= Work task =
Copy, from the entries below, each line where the word "before" can be found.

= Records for the exercise =
=== Section Start ===

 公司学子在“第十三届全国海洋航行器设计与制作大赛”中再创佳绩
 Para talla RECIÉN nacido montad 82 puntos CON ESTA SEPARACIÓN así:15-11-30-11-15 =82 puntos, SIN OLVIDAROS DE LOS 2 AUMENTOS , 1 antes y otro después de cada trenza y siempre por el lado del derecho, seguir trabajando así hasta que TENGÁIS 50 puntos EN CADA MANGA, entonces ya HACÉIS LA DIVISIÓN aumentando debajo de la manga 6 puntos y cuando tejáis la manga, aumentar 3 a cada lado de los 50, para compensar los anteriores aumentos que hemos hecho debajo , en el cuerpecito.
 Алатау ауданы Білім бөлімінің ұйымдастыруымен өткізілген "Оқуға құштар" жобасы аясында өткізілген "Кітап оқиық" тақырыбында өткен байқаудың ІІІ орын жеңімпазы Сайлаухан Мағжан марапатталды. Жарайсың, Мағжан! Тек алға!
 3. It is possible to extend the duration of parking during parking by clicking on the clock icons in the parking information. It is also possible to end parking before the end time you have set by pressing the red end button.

=== Section End ===
=== Section Start ===

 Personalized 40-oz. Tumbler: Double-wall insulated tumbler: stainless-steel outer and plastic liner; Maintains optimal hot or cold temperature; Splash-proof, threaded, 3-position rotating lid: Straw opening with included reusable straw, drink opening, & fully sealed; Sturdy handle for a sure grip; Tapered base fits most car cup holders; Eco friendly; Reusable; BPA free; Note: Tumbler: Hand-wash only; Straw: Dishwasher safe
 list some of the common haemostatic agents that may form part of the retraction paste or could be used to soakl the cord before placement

=== Section End ===
=== Section Start ===

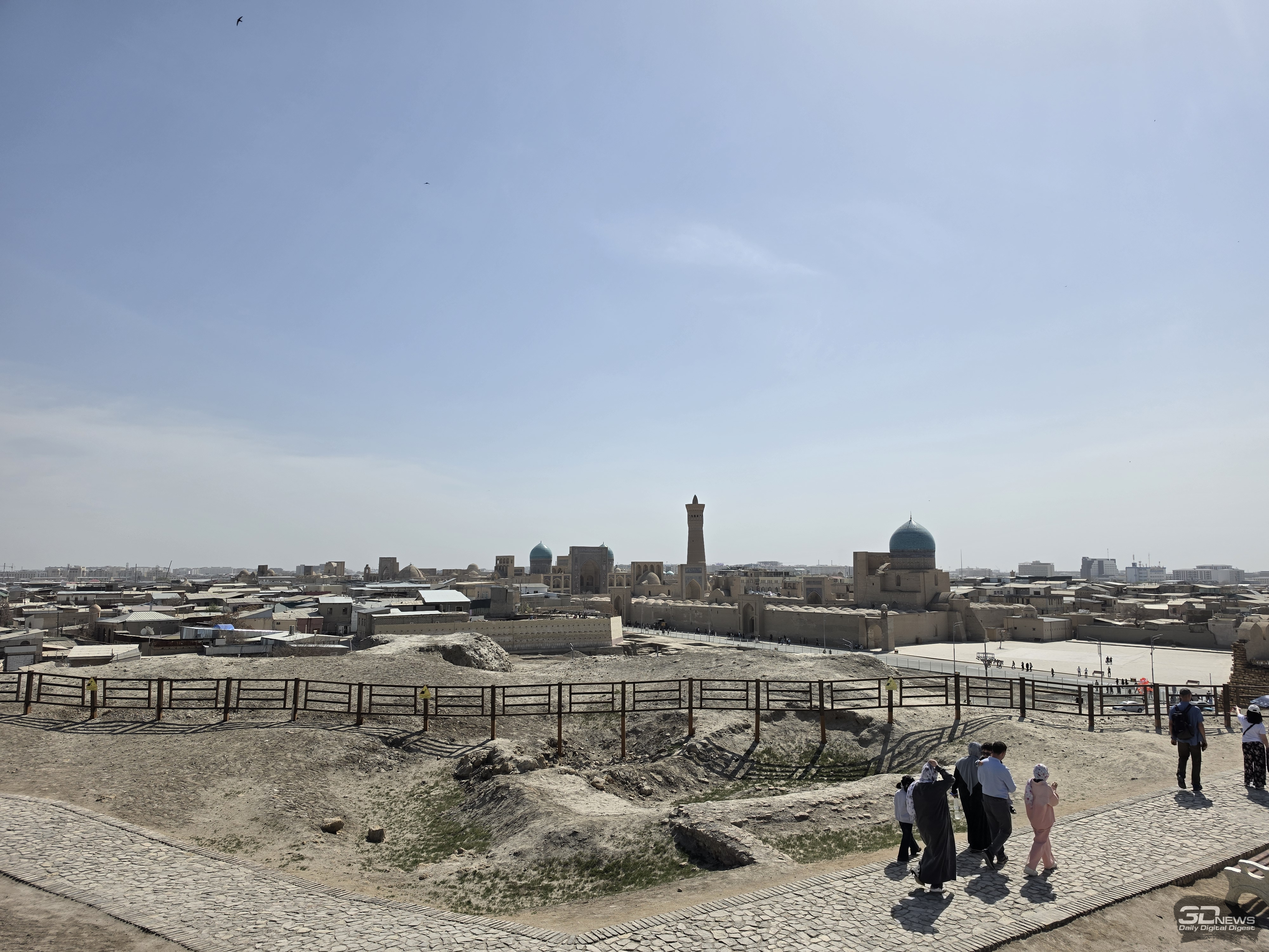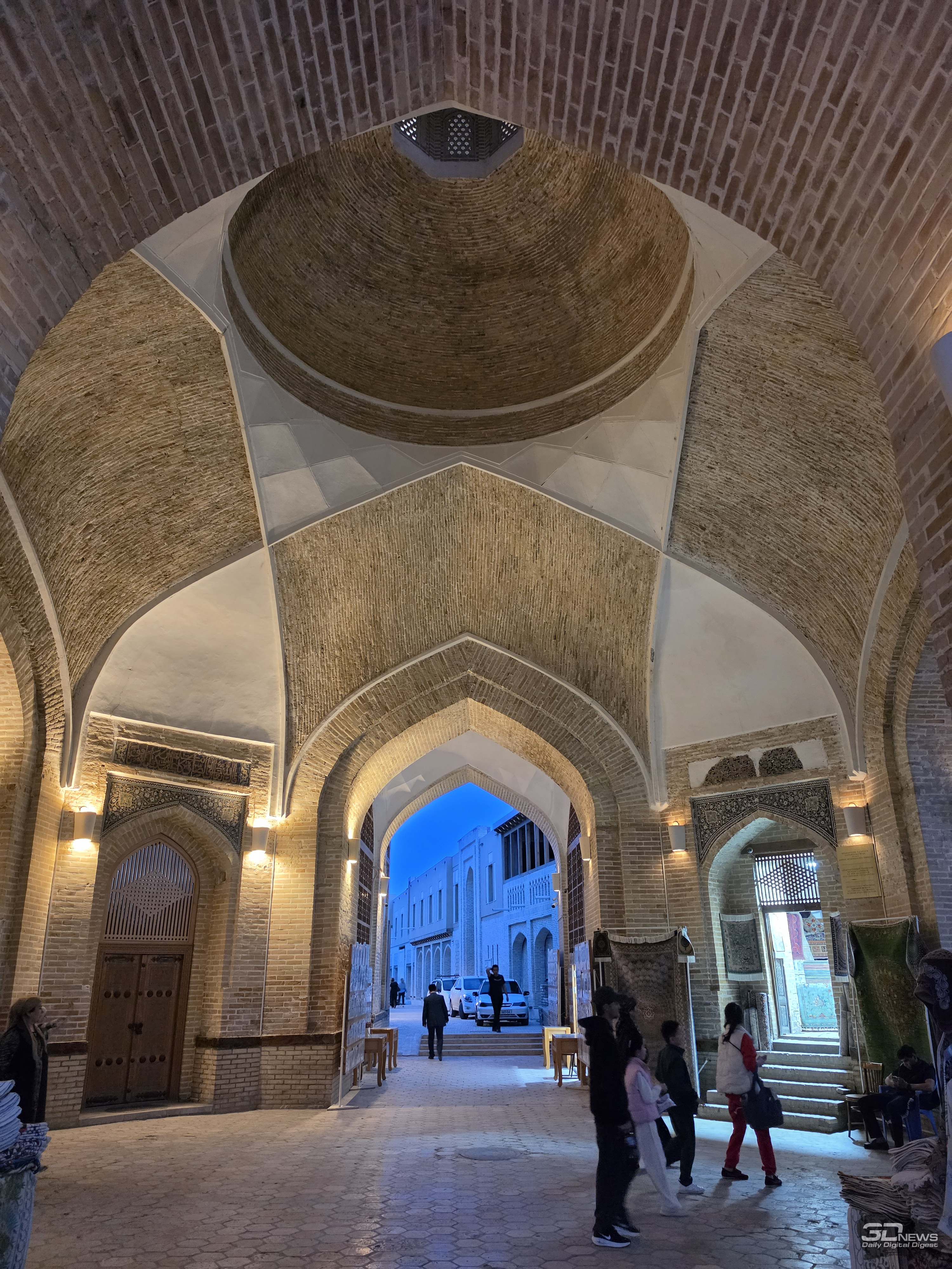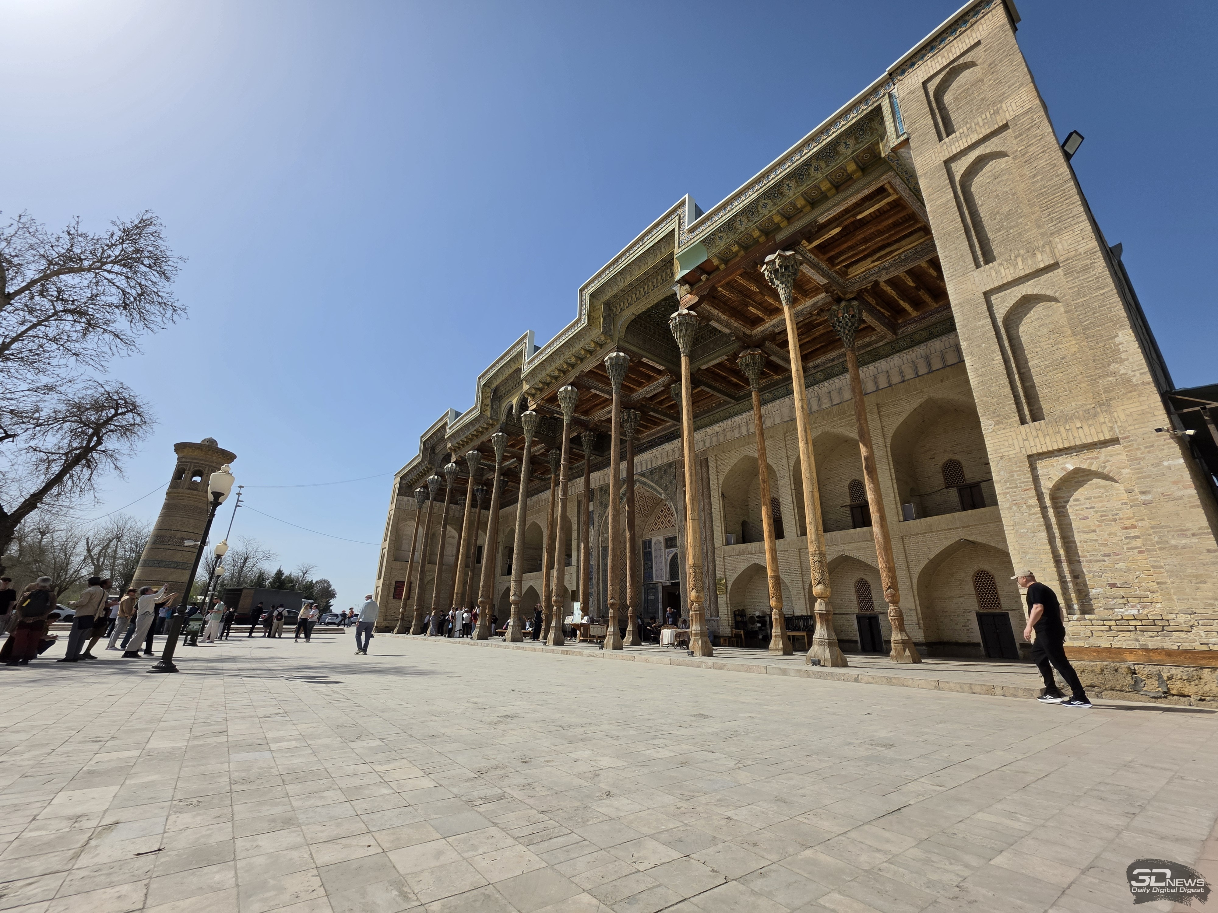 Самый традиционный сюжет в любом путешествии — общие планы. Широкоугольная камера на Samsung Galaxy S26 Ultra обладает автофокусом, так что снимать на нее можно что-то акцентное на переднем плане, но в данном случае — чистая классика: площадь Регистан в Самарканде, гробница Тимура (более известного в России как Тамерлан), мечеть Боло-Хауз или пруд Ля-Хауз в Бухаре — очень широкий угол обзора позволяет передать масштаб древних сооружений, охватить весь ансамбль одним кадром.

=== Section End ===

= Answer below =
 3. It is possible to extend the duration of parking during parking by clicking on the clock icons in the parking information. It is also possible to end parking before the end time you have set by pressing the red end button.
 list some of the common haemostatic agents that may form part of the retraction paste or could be used to soakl the cord before placement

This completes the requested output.